Using the material below, print a verbatim copy of every line from the one containing "Weighing a pound" through the one containing "Winter Fall Muslim", inclusive, and omit the pictures.

START DATA FOR ANALYSIS

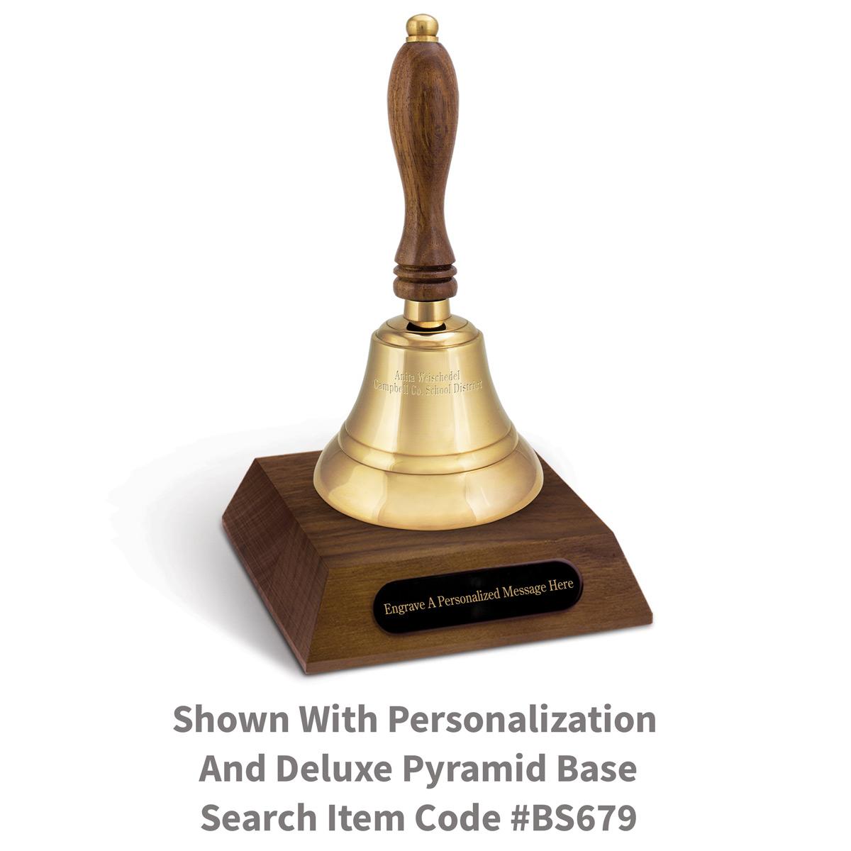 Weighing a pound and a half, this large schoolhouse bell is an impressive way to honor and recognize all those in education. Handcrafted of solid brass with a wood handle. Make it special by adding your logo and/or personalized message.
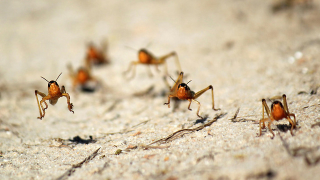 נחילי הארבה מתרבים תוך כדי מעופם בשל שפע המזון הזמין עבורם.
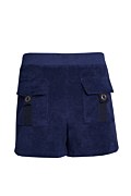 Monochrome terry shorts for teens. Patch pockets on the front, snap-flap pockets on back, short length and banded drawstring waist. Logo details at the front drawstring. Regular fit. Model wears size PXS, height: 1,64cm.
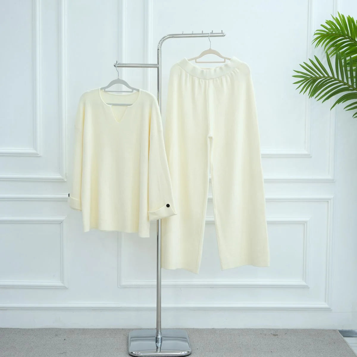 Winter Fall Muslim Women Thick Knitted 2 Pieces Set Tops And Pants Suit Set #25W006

END DATA FOR ANALYSIS
START DATA FOR ANALYSIS

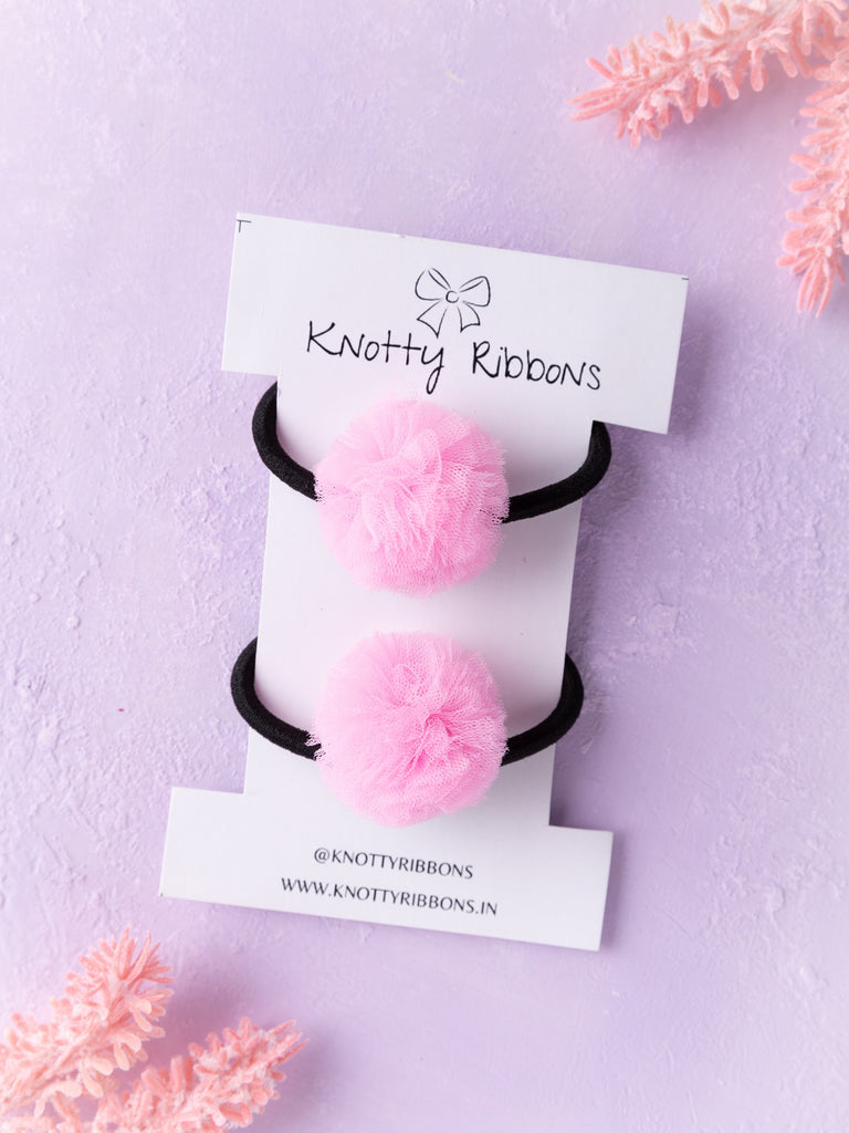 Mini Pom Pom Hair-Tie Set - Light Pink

END DATA FOR ANALYSIS

→ **RESPONSE**:
 Weighing a pound and a half, this large schoolhouse bell is an impressive way to honor and recognize all those in education. Handcrafted of solid brass with a wood handle. Make it special by adding your logo and/or personalized message.
 נחילי הארבה מתרבים תוך כדי מעופם בשל שפע המזון הזמין עבורם.
 Monochrome terry shorts for teens. Patch pockets on the front, snap-flap pockets on back, short length and banded drawstring waist. Logo details at the front drawstring. Regular fit. Model wears size PXS, height: 1,64cm.
 Winter Fall Muslim Women Thick Knitted 2 Pieces Set Tops And Pants Suit Set #25W006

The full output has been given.